No telhado da maior fábrica da Ford em Dearborn, no estado de Michigan, estende-se uma cobertura viva com uma área de 454 000 pés quadrados — mais de dez acres. Instalada ainda em 2002, é revestida de seduns resistentes à seca e plantas silvestres, e por baixo dela saem diariamente da linha de montagem as picapes F-150 e Raptor.
Originalmente, em 1915, Henry Ford considerava estas terras ao longo do rio Rouge como um possível santuário de aves, mas em vez disso ergueu-se aqui um gigantesco complexo industrial. Décadas depois, o projeto concretizou-se em parte: apenas cinco dias após a montagem da cobertura, nidificaram nela abibes, e hoje vivem aqui dezenas de espécies de aves, borboletas, libélulas e cerca de 20 000 abelhas melíferas.
A cobertura não só se tornou um refúgio inesperado para a vida selvagem, como também resolve problemas práticos. A camada de betão poroso, terra e plantas retém a água da chuva, evitando inundações na antiga rede de drenagem pluvial, e ainda reduz as oscilações de temperatura dentro das oficinas em dez graus no inverno e no verão, poupando energia.

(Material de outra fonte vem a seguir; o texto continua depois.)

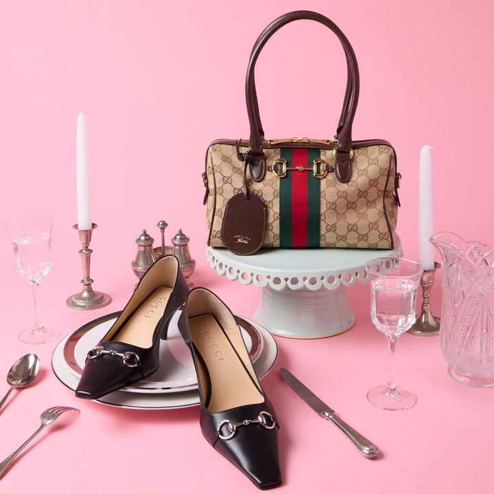 STYLIST RIE'S VOICE:「ヴィンテージライクなムード漂う“グッチ ボルセット”は、あえて気負わずデイリーに持ち歩くのがおしゃれ! 足もとには、レトロな表情がたまらない“ヴィットーリア”パンプスを。バッグのクラシックな重厚感と、パンプスの軽快なトレンド感がミックスされることで、今季らしい最高にフレッシュなグッチ・スタイルが完成します」

Todo o terreno de 600 acres, após uma limpeza em grande escala no valor de dois bilhões de dólares, transformou-se num verdadeiro foco de biodiversidade em plena zona industrial. As plantas no telhado e ao seu redor filtram o ar, absorvem dióxido de carbono e criam um microclima favorável a insetos polinizadores e pequenos animais.
Este exemplo mostra que mesmo os maiores complexos industriais podem integrar soluções naturais sem sacrificar a eficiência. Coberturas "verdes" como esta já provaram a sua fiabilidade: passados mais de vinte anos, a cobertura mantém quase cem por cento da sua viabilidade, e o Guinness World Records reconheceu-a como a maior do mundo no momento da sua instalação.
Projetos como este lembram que a indústria e a natureza viva podem coexistir, se no planeamento se tiver em conta não só a economia, mas também as ligações ecossistémicas.